We're skipping over the last part of chapter nine and all of chapter ten, so I'll give a quick summary. The Bible is so brutally honest! Someone once said that the Bible is a book that no man could write if he would, or would write if he could. Noah, the man who found favor in the eyes of the Lord, settled down to farming. He planted grapes, made some wine, got drunk and took his clothes off. Ham saw his father in that state and told his brothers. This had to be more than just informing them of the fact that their father was drunk and uncovered. Perhaps he was ridiculing Noah. Some scholars suggest that some sort of sexual abuse was involved. In any event Shem and Japheth walked backward so that they would not see their father in that state and covered him. When Noah came to he cursed Ham for what he had done, along with his son Canaan. He then blessed Shem and Ham for the kindness they had shown him.
Chapter eleven begins "Now the whole earth had one language and the same words." Think of how much easier life would be if everyone spoke the same language! We could travel and work anywhere in the world with no communication problems. There'd be a lot less of the misunderstandings that come when trying to cross language and culture barriers. This was a good thing, right? Yes, but as we've seen that sin nature has passed down from Adam and Eve to all of their descendants, and human beings once again proved that they can take anything that's good and corrupt it. God had told Noah and his sons to spread out and repopulate the earth. Instead, they all stayed together and found a nice place to settle, the Plain of Shinar. This is the area between the Tigris and Euphrates rivers just north of the Persian Gulf in modern-day Iraq. The soil was very fertile and the climate was favorable. No need to go any further! They said, “Come, let us build ourselves a city and a tower with its top in the heavens, and let us make a name for ourselves, lest we be dispersed over the face of the whole earth.” They looked for a symbol that would unify them and decided that a tall tower, reaching far above the plain and visible for miles, would do the trick. So they set to work. There was no stone in that area and the palm trees that grew there were not suitable for this project. So they made bricks out of mud.and used bitumen (a black tar that comes from oil) for mortar. They were making rapid progress and the tower grew ever higher.
The Lord came down to look at the project and saw what they were doing. He realized that they were establishing their lives apart from Him, in disobedience to His command. If they finish this project they'll go on to even bigger things and nothing will be impossible to them. So God said, "Come, let us go down and there confuse their language, so that they may not understand one another's speech." The "us" here, as we saw in the creation story, is the Father, Son and Holy Spirit, the one God in three Persons. Every imagination of man's heart was evil. Yet God loved His creatures and had promised Noah that He would not destroy all mankind again. By confusing their languages so that they couldn't understand one another and would break up into groups with common languages and move on to start their own nations all over the world. They called that place Babel, from a word that means to confuse.
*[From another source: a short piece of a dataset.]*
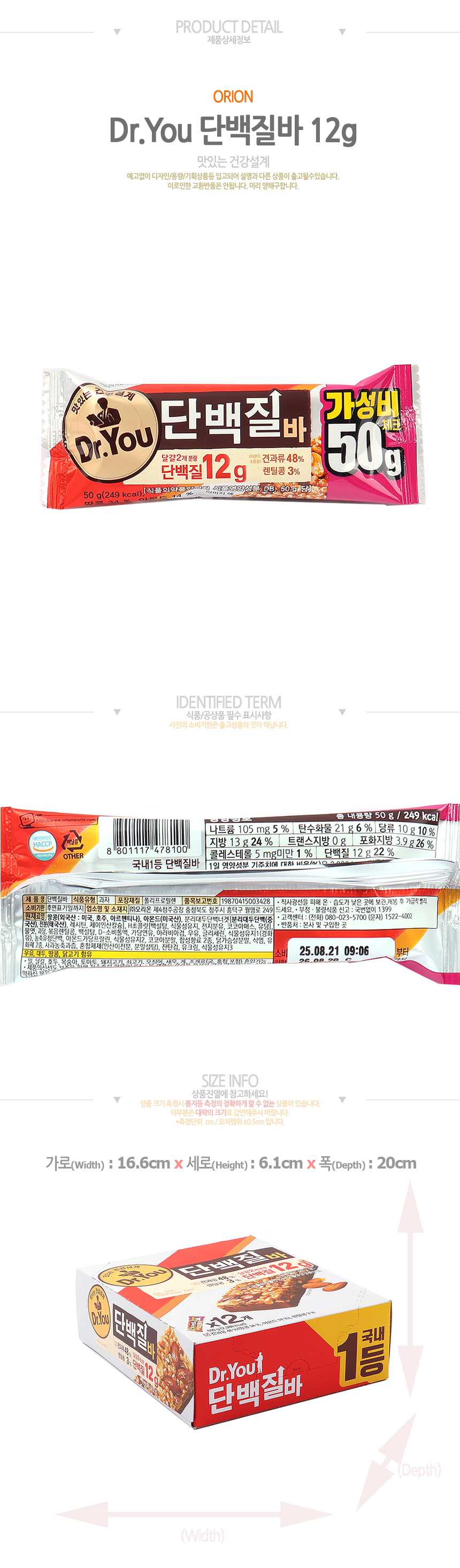 오리온 닥터유 단백질바 (50g*12입)
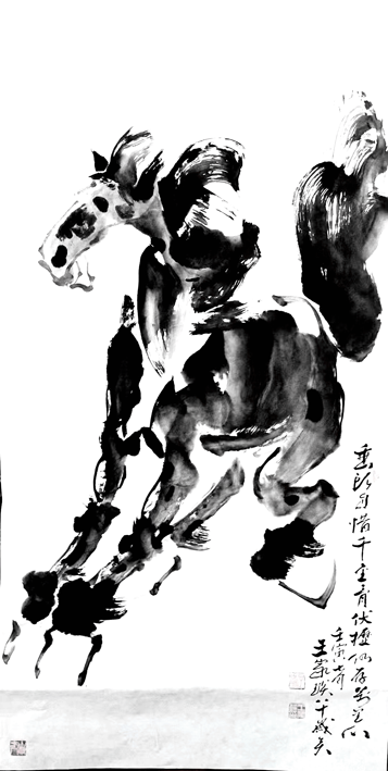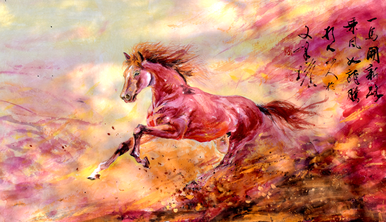 与此同时,以“马”为题材的国画作品亦各呈其美,有的挥毫泼墨、纵横捭阖,写暮年伏枥之心,也有的兼工带写、彩墨交融,畅万里凌云之怀。作者以笔寄情,以墨言志,将对未来美好生活的憧憬、对中华民族奋力崛起的期许,尽付丹青。

The Tower of Babel was a product of the same lie the serpent told Eve: "You will be like God." Don't go off and spread yourselves out. Stay here, where you can be strong and united, and build a tower to show how great you are. That lie is so tempting, but it never delivers on its promise!
There's something in our human nature that makes us love tall things. We look at the tall mountains and long to climb to the top. We build ever-taller buildings, and since 1998 the record for the tallest building in the world has been broken seven times. The Burj Khalifa Tower in Dubai is currently the world's tallest building at 2,716 feet, but there are plans for even higher buildings in the next few years. A few years ago our oldest daughter took us on a boat tour on the Chicago River. It's a lot easier to see the buildings from the water and to see just how tall the Willis Tower (formerly the Sears Tower and seventh-tallest building in the world) and the then brand-new Trump Tower which was nearly as tall. When I was about five years old I remember my parents taking me to the LeVeque Tower, at the time the only skyscraper in Columbus. It stood 556 feet tall, and the cars below seemed as small as ants!
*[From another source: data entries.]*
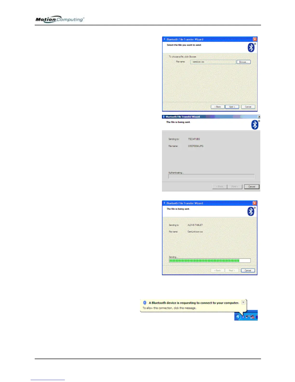 NOTE: Once you establish a connection between Tablet PCs, this message will
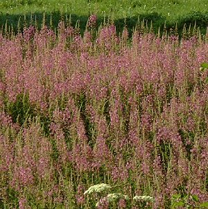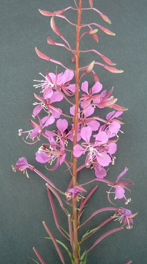Familie: Nachtkerzengewächse (Onagraceae) Volksnamen: Froweblüemli, Otterkraut Beschreibung: Das Schmalblättrige Weidenröschen, mit einer Wuchshöhe von 50 bis 120 Zentimetern, ist eine ausdauernde krautige Pflanze. Sie bildet ein weit kriechendes Rhizom als Überdauerungsorgan. Die aufrechten, im Querschnitt runden bis stumpfkantigen und meist unverzweigten Stängel, sind kahl oder nur schwach behaart. Die wechselständigen, schmal lanzettlichen Laubblätter sind kurz gestielt. Die zahlreichen Blüten sind in einem langen, endständigen, traubigen Blütenstand mit rosa- bis purpurfarbenen Blüten, angeordnet. Diese sind etwa 2 bis 3 Zentimeter breit. Geschichte: In Europa wurde das Weidenröschen früher gegen Blitzschlag verwendet. Es gehörte auch zu den Bettstrohkräutern, die Wöchnerinnen nach der Geburt in die Matratze gestopft wurden, um das Befinden von Mutter und Kind zu verbessern. Sonstiges: Honig von Weidenröschen-Blüten soll besonders aromatisch sein. |
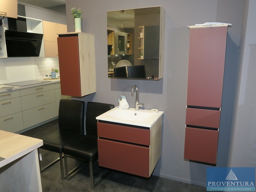 Badmöbel-Set NOBILIA Holz Dekor hell Fronten rotbraun, Spiegelschrank und Waschtisch ca. 60cm breit, Hängeschränke ca. 30cm breit
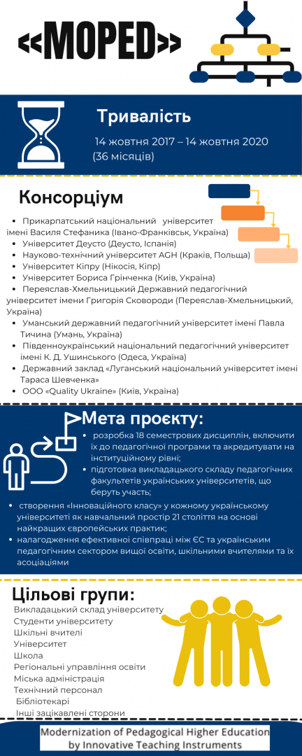 Проєкт MoPED спрямований на модернізацію навчальних програм для педагогічних шкіл України шляхом включення нових курсів найвищих навчальних засобів ІКТ та методів дослідження. Відповідаючи на сучасні виклики та вимоги, а також підтримуючи масштабні масштабні освітні реформи в Україні, проект вплине на якість педагогічної вищої освіти та підвищить цифрові та дидактичні компетенції майбутніх вчителів школи.

The desire to build big and tall things can be good. The great cathedrals of Europe were built for the glory of God. The Methodist Church's spire is the tallest structure in Sebring and can be seen all over town, it's cross reminding us of our Lord and Savior. I wonder, though, if maybe we Christians have fallen prey to the same "edifice complex" that was behind the Tower of Babel. The church is not the building, but the people of God who meet there. It is the people who make the building holy, not the other way around. One of my assignments in seminary was to write a history of the church I served as a student pastor. It's building burned down on Christmas Day in 1944. I called that a tragedy. The professor corrected me. The destruction of the building was a disaster; the split in the congregation that occurred a few years later was the real tragedy.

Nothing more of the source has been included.